Aye, it ain’t rocket surgery and where is the science in excessively game-planning for this one?
Do NOT engage in the paralysis of analysis. Yes, I know that Ry’ Willis is a thrower and yah; I can not argue that his throw game fits need reps with these Wide Receiving 1’s to help each prep’ for the rest of the year.
However, go throw game repetition crazy and make this game far more complex than a basically O&M black-n-blue ground assault is begging for it to K.I.S.S. be. This game is not a hotwired Jeep on a forgery of a weekend pass. It’s a hedgerow cutting Churchill tank merely plowing the field. As they say in Vegas: “…the farmer made his fortune in the field.”
Overly complicate this one and catch Ry’ on a chilling passing day and you will bring U.n.c. into play. Go ahead and full-frontal storm the T.Heels castle keep. Put this one away early, put this one away hard and spread the final 10-20 minute playing-time love around.
So I’m gonna pick V.Tech to beat U.n.c. @U.n.c.; right?
Well, I was… until I read guess who is dead last (130th best) in defensive Explosion plays allowed?
And guess who has an uneven O, although an O that does (somehow) still manage to hit for power when it’s not too busy getting in its very own, way? The former is us Hokie nation and the later is this U.n.c. crew.
Or in other words… you allow this very uneven U.n.c. club to hang around, cross their hosting Rubicon Line, and you will suddenly find yourself playing a game of O&M hangman come the final ~10 minutes or so of scrumming. Go ahead and put your cleats in these Heel’s throat(s) early and often and soften them up for later on.
So, I someone did some checking around… and was (eventually) able to construct two foreseeable scenarios. One is that De.Divine does not play and this brings all that major HR hitting capability of U.n.c. into league with giving V.Tech a real live fit down in Chapel Hill on Saturday night. Think: the Hokies win about 50-55 minutes of the game, and yet give up about 2-3 actual gameplay minutes of BIG plays and well… the final handful of minutes or so are gonna be a bitch.
The other one is that… someone did like what they found post-game after taking the N.Dame L.
Unlike the nonpareil upsetting and just downright gutless L @hometown fun OverDoseU, our team’s meta-communicating was singing a very different applied sports-psych clinical song after the Irish Potato Famine.
Unlike the Monarchal dethroning -where they were infighting, then later on in disbelief, followed by being Ag.School cowed on the practice field that Tuesday- this time they seemed a little bent to me by getting beat.

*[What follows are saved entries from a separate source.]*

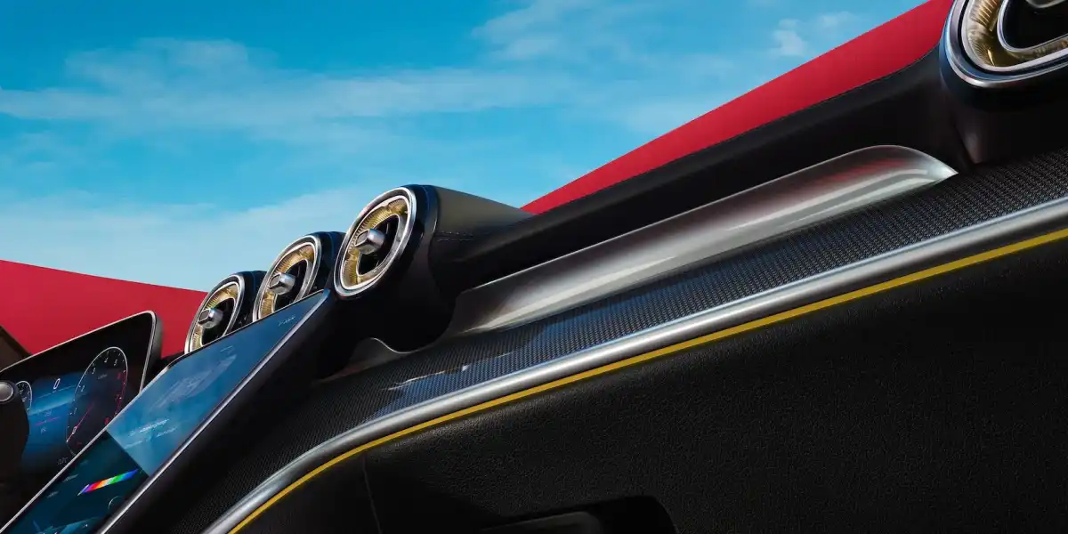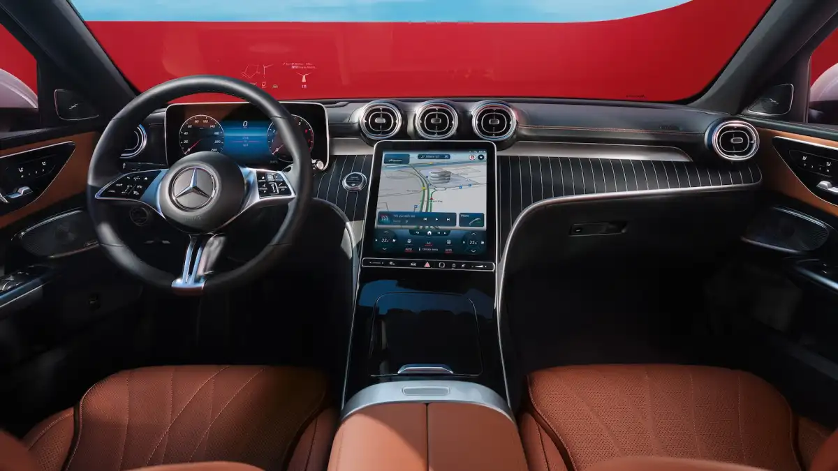 عند دخول C-كلاس، يشعر الركاب وكأنهم في مقصورة من الدرجة الأولى، حيث تم تصميم المقصورة بعناية فائقة باستخدام مواد عالية الجودة مثل الجلد الطبيعي، وخشب المسام المفتوح، ولمسات الألمنيوم المصقول. شاشة المعلومات العائمة، ولوحة العدادات الرقمية بالكامل، والإضاءة المحيطية تضيف لمسة مستقبلية تجعل القيادة أكثر متعة.
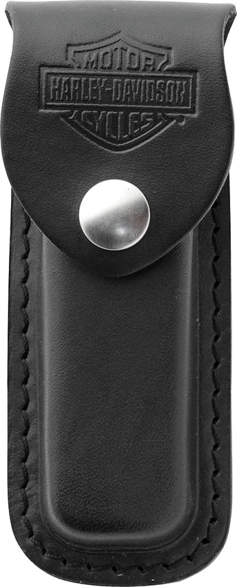 Black leather with Harley Davidson logo. Snap closure. Fits 4 1/2″ folding knife. Bulk packed.
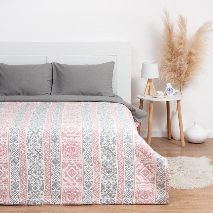 Покрывало хлопковое Этель «Инди» 150×240 см, цвет серо-розовый,100% хлопок, 300гр/м2
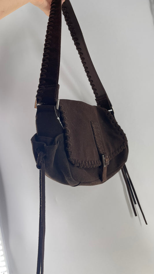 Vintage Brown Genuine Suede Leather Saddle Purse with Sewn Through Straps
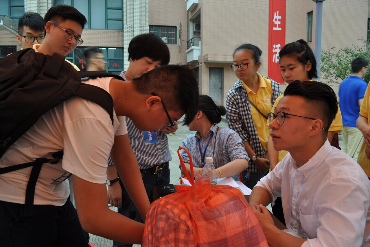一大早,校内迎新的老师和学生志愿者就早早地在校门口、总报到处、各分院报到处等不同地点等待。8点多,新生陆续到来,志愿者们热情接待每一位来到理工的新生,接过行李,迅速带他们完成了注册、上交档案材料、领取寝室钥匙和文化衫等流程。最后带他们入住宿舍,途中不时热情地向新生介绍学校情况。
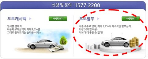 일시불 결제 시 자동차 구매금액의 최대 1.5%를 그대로 돌려주는 오토캐시백,
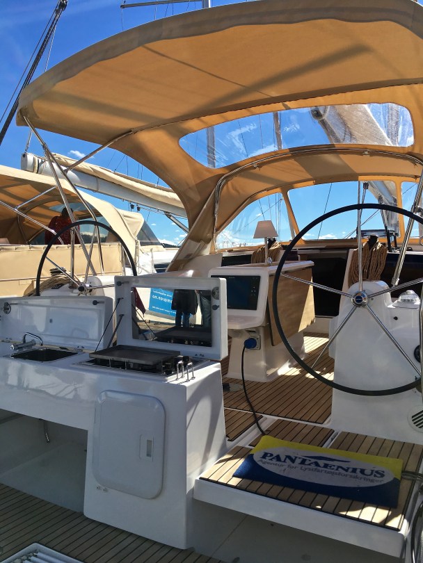 The Xc 38 comes with a futuristic Navistation and chart table, plus two wheels to steer the rudder. I found out that two wheels are pretty standard on racing yachts nowadays. That’s because, when you’re “hard into the wind” (meaning when you’re at top speed and the wind causes the boat to lean heavily to one side), you can use the wheel that’s on the highest side. This lets you sit higher up so that you can see the jib sail in front. Plus it also allows you to counterbalance the lean of the boat with your weight.
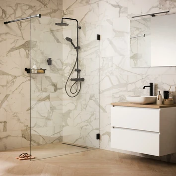 De volledig profielloze serie ‘I AM’ is met recht een transparante alleskunner. Naast diverse standaard maatvoeringen zijn talloze maatwerkoplossingen mogelijk. Zo kunnen we de breedte en hoogte aanpassen, maar bijvoorbeeld ook eventuele schuintes in de muren of het plafond opvangen. Deze Sealskin Inloopdouche I AM A3 120×200 cm Zwart (divider) is het toppunt van kwaliteit en transparantie. Wat deze wand écht bijzonder maakt, is de matzwarte afwerking. Zo breng je een unieke sfeer in je badkamer. Het veiligheidsglas van maar liefst 8mm is altijd voorzien van een antikalk laag waardoor kalk en viezigheid zich minder snel zal hechten. Deze Walk in type A3 is tevens beschikbaar in de standaard maten 900 en 1000mm en natuurlijk in maatwerk. Daarnaast is deze inloop douche beschikbaar in een stoere RVS uitstraling en in een luxueuze zilver hoogglans afwerking.
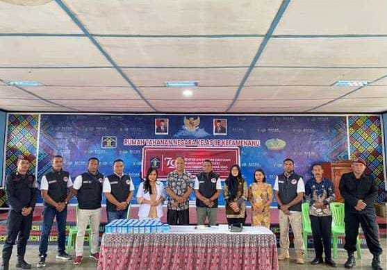 Pose bersama saat kegiatan Bakti Sosial Pemeriksaan Kesehatan bagi Pegawai dan Warga Binaan Pemasyarakatan (WBP) di Rutan Kefamenanu, Kamis (25/7/2024). (Foto: Jho Aban)
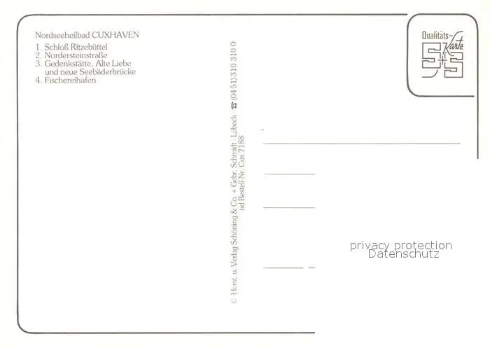 Cuxhaven_Nordseebad Schloss Ritzebuettel Nordersteinstrasse Gedenkstaette Alte Liebe Cuxhaven_Nordseebad postalisch nicht gelaufen nach 1965 Erhaltung siehe scans [KathaD81] Kathoren

They did not wanna hear any “rah-rah-sis-boom-bah” modern 2018 every girl is big and beautiful, “you played a good game” horse-hockey nonsense.
They were a bit salty, they even seemed afoul that they actually did get beat. Like they felt they at least could have won; and that the next (redemptive) game could not start soon enough. That I like. A cultural paradigm shift, …fingers, eyes, and toes all crossed here.

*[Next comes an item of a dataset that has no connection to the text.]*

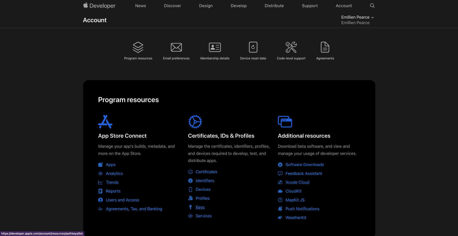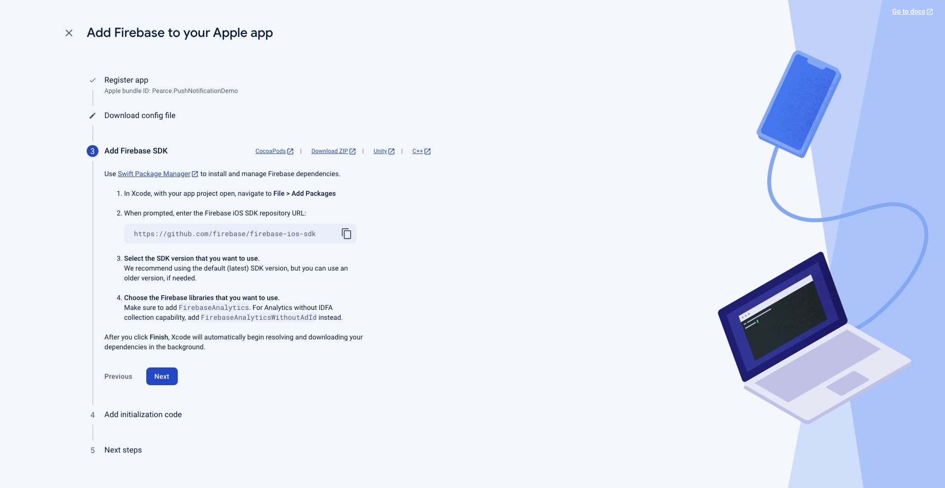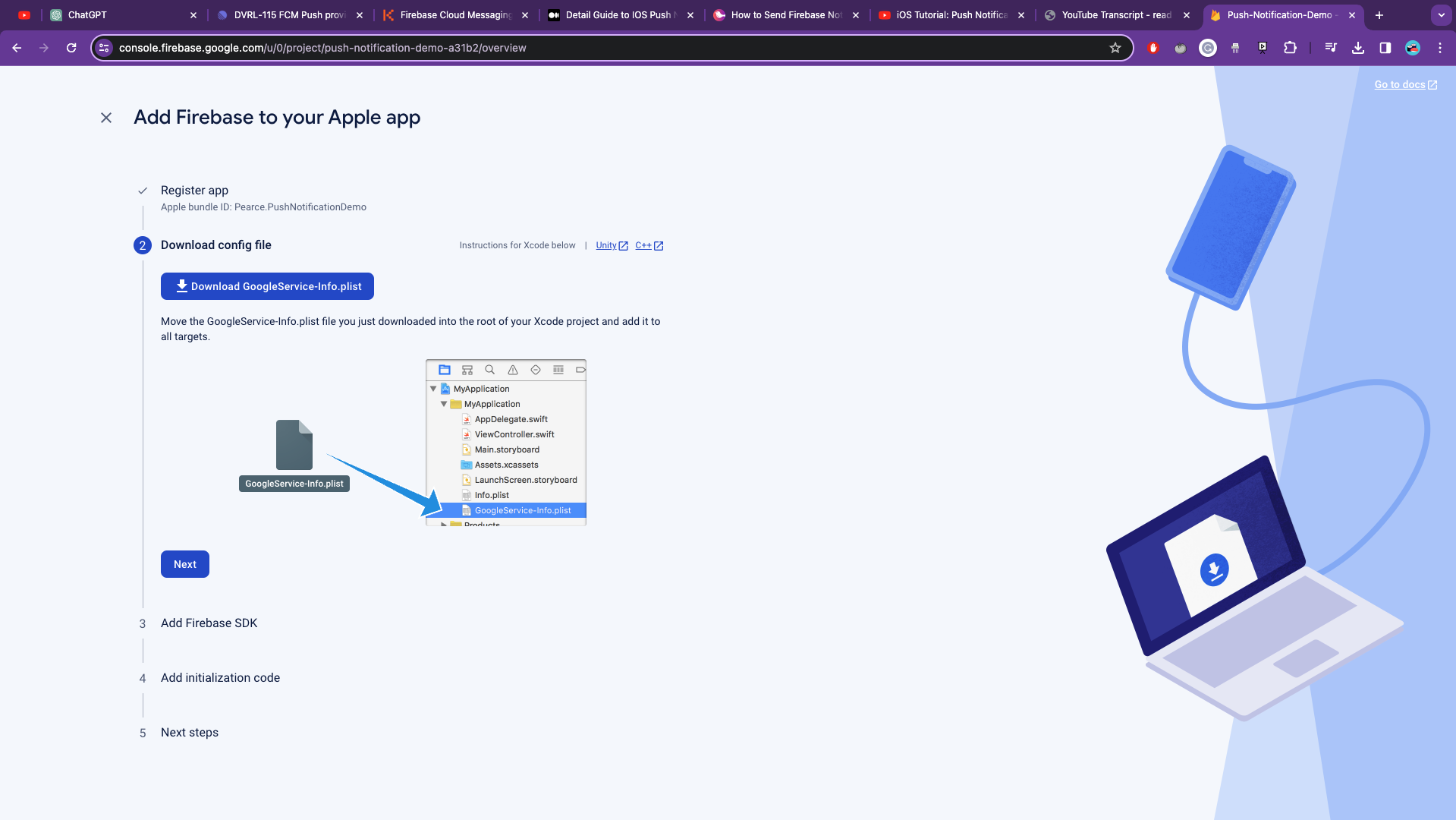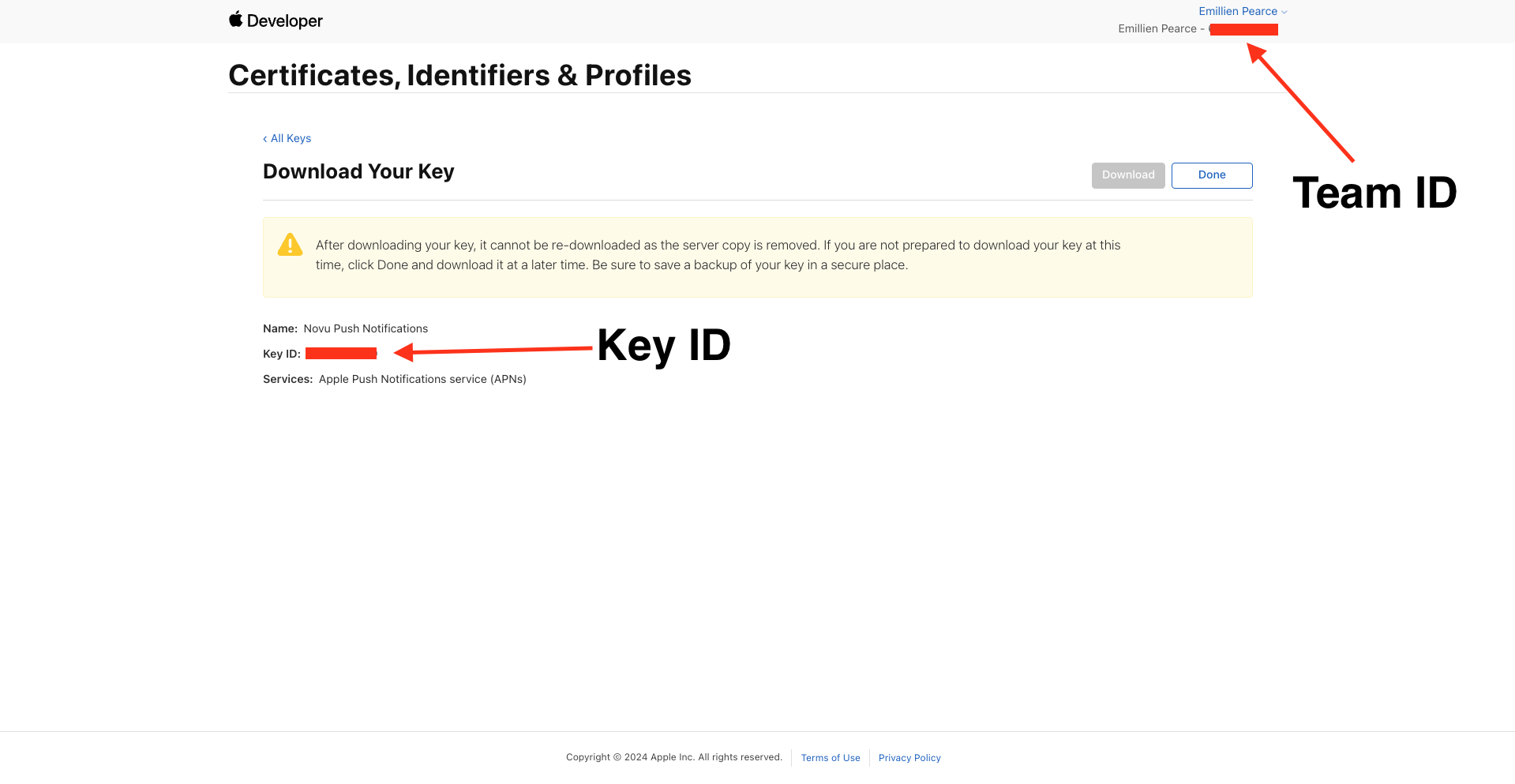 We will create and upload our APNs authentication key to the Firebase project settings.

NOW… as caveats go… I’ma not saying I find this year no.1 cultural hygiene gone latent/laggard year no.3 cultural intercalation -and then disagreeable/bucking cultural reformating- to be savory; I’m not saying I see it as a finished product yet, either.
I am saying that I see it as a Work In Progress in accountancy terms. And methinks that…
our culture >>> their culture
Even if our culture is still upset susceptible— I do expect that our culture (eventually) rises up and gives the better cultural accounting of itself, here.
The only question is by how much?
Is that by a ½ play to a full play… late?
Or is that by two or three plays sooner than later?